57    Regard should also be had to the use of the word “disclosed” in reg 3.12(1)(b), contrasted with the word “described” in s 40(3). The word “described” as used in s 40(3) focuses attention on the invention that is required to be fully described in the specification: see s 40(2). However, in its particular context, the word “disclosed” in reg 3.12(1)(b) is a more general expression which, in conjunction with the word “matter”, reinforces that priority can be claimed by reference to some part or parts of the priority document.

Do claims 1 and 3 define more than one form of the invention?

Relevant case law

58    The plurality in AstraZeneca AB v Apotex Pty Ltd (2014) 226 FCR 324 at [250] briefly discussed the history of s 43(3) of the Act and its predecessor provision in the Patents Act 1952 (Cth), noting that these provisions were included to overcome the ruling in Thornhill’s Application [1962] RPC 199.

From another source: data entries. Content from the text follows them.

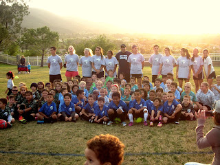 Here are the various soccer teams, which are based on age and some of their coaches. Callum is towards the middle in the last row, in the bright green :)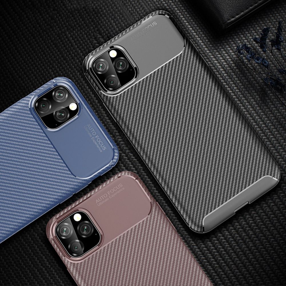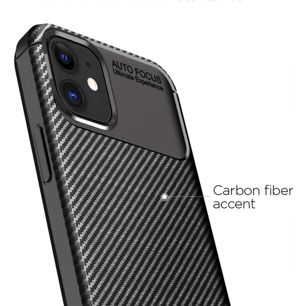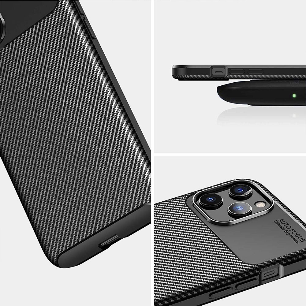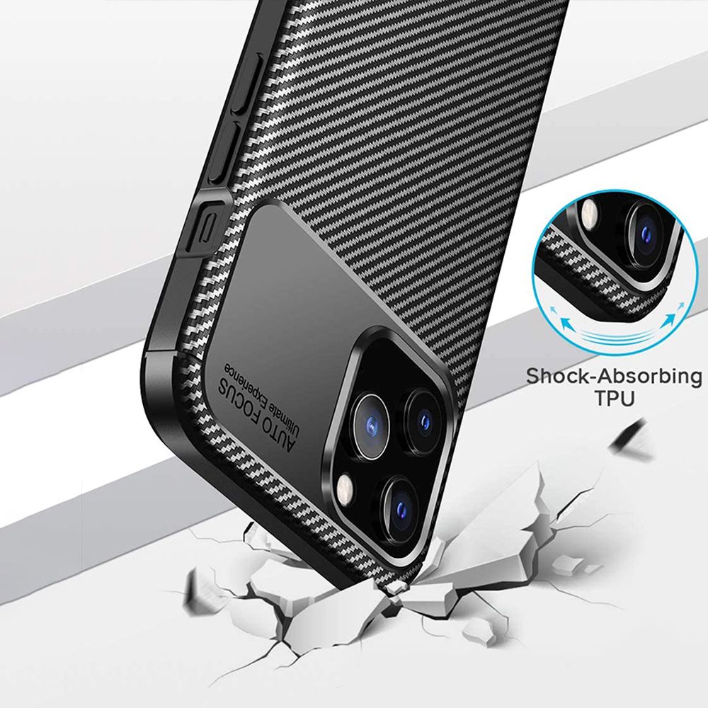 Coque silicone ultra slim avec motif de fibre de carbone pour iPhone 12 Pro Max. Design élégant, très durable. Anti-rayures, anti-choc, anti-dérapante, anti-poussière et huile. Couleur: Noir.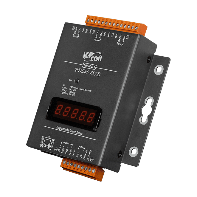 The PDS(M)-755(D) and PPDS(M)-755(D)-MTCP is equipped with 1 RS-232 port and 4 RS-485 ports. The removable on-board terminal block connector is designed for easy and robust wiring in industrial situations.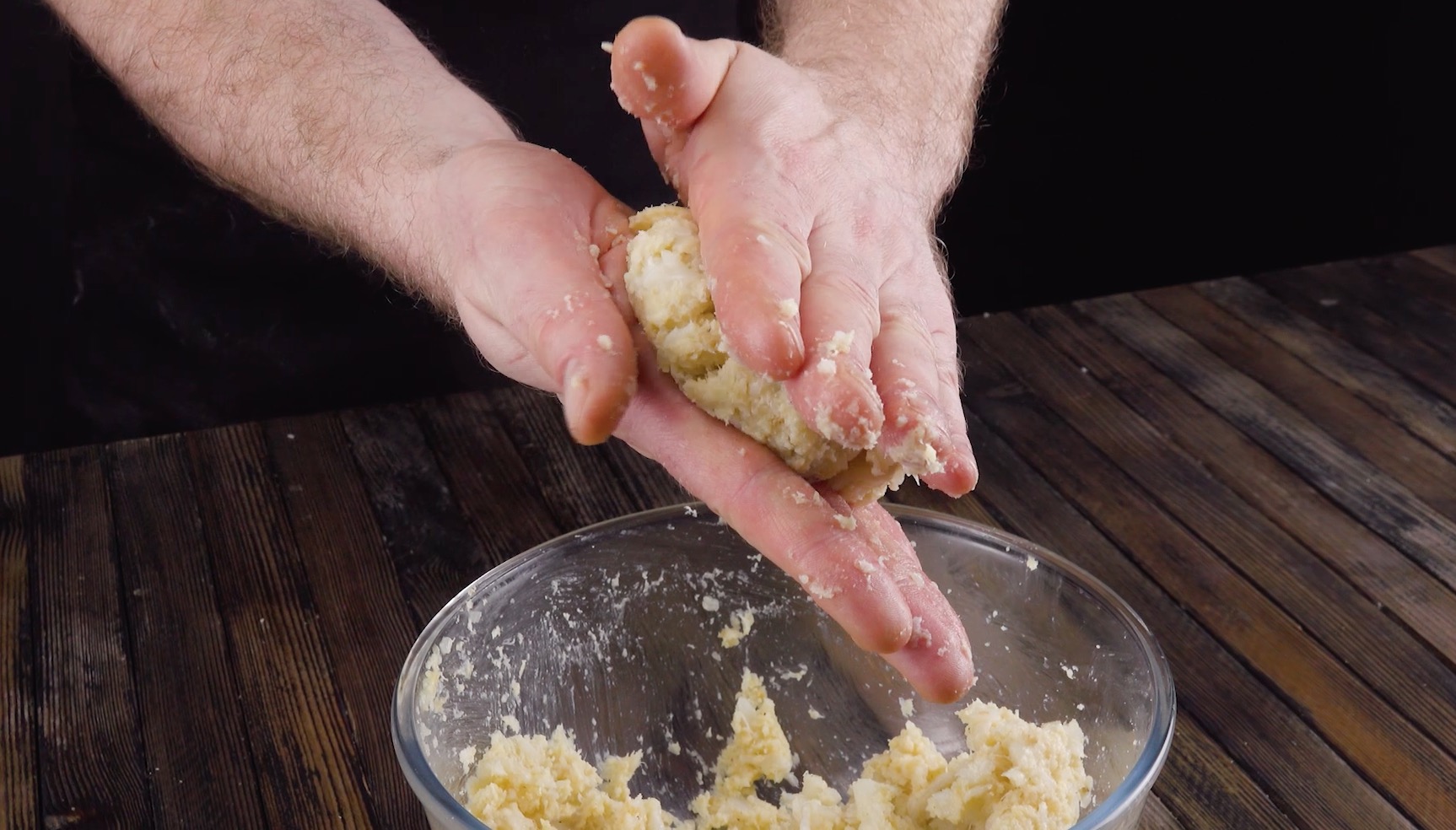 2.) Lege den Kohl in eine Schüssel und gib den Rest Käse, die Zwiebel, das Ei, Salz und Pfeffer sowie die Semmelbrösel hinzu. Zerdrücke den Blumenkohl mit einer Gabel und mische alle Zutaten sorgfältig.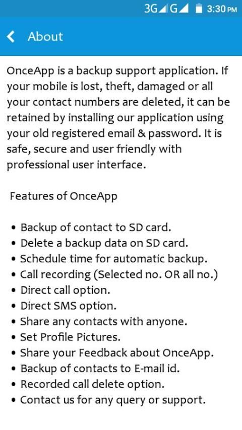 OnceApp is a backup support application. If your mobile is lost, theft, damaged or all your contact numbers are deleted, it can be retained by installing our application. It is safe, secure and user friendly with professional user interface.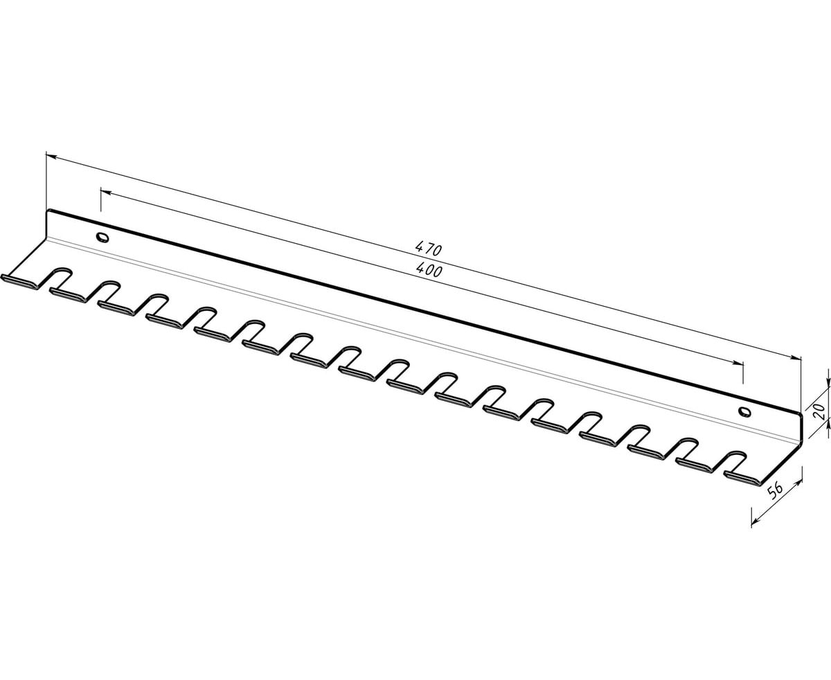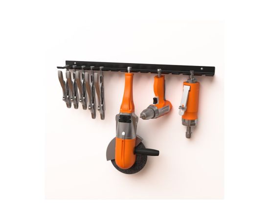 Держатель имеет продуманную конструкцию, предусматривающую 15 мест для хранения различных пневматических инструментов, а также возможность разместить: ручные зажимы для сварочных работ, фиксация и удержание которых осуществляется за зажимной болт М8/М10.

59    In Thornhill’s Application, consideration was given to the drafting of the following claim. It should be noted that the indices (a), (b)(i), (b)(ii), (c) and (d) were added to the claim at the hearing before the Hearing Officer in that case to illustrate the argument made. The indices did not appear in the printed specification:

1.    A method of producing a black tea concentrate (a) which consists in cutting, grinding, or otherwise finely dividing fresh green leaves of the tea tree, and (b) oxidising the comminuted particles either (i) by exposing the raw mass to the action of the oxygen of the air until the mass becomes dark brown in colour and subsequently extracting by boiling water or steam the water-soluble constituents of the leaves, or (ii) initially after comminuting the leaves extracting in the same way by percolation the soluble constituents of the leaves and introducing into the obtained solution a minute quantity of an oxidising inorganic substance, (c) subjecting the solution obtained in either way to heating in the open air at a temperature approaching the boiling point of water for a duration up to six hours until the required degree of oxidation is attained and until as a result of heating there occurs the polymerisation of the tannin compounds polyphenol and catechol with constituents of the solution and the solution has lost its bitter taste inherent in the solution of the constituents of the green tea leaf, and (d) evaporating excess water.

60    The Hearing Officer described the claim as follows:

It will be noted that claim 1 embodies two alternatives, i.e. it may be regarded as two claims 1A and 1B, wherein:—

1A = a + b(i) + c + d

and the method which may be represented as

1B = a + b(ii) + c + d

61    The Hearing Officer concluded that, as the claim could be regarded as two notional claims, each notional claim could be afforded its own priority date. However, on appeal, Lloyd-Jacob J concluded (at 207) that there was no provision in the Patents Act 1949 (UK) that would warrant the attribution of two different priority dates to different parts of the one claim.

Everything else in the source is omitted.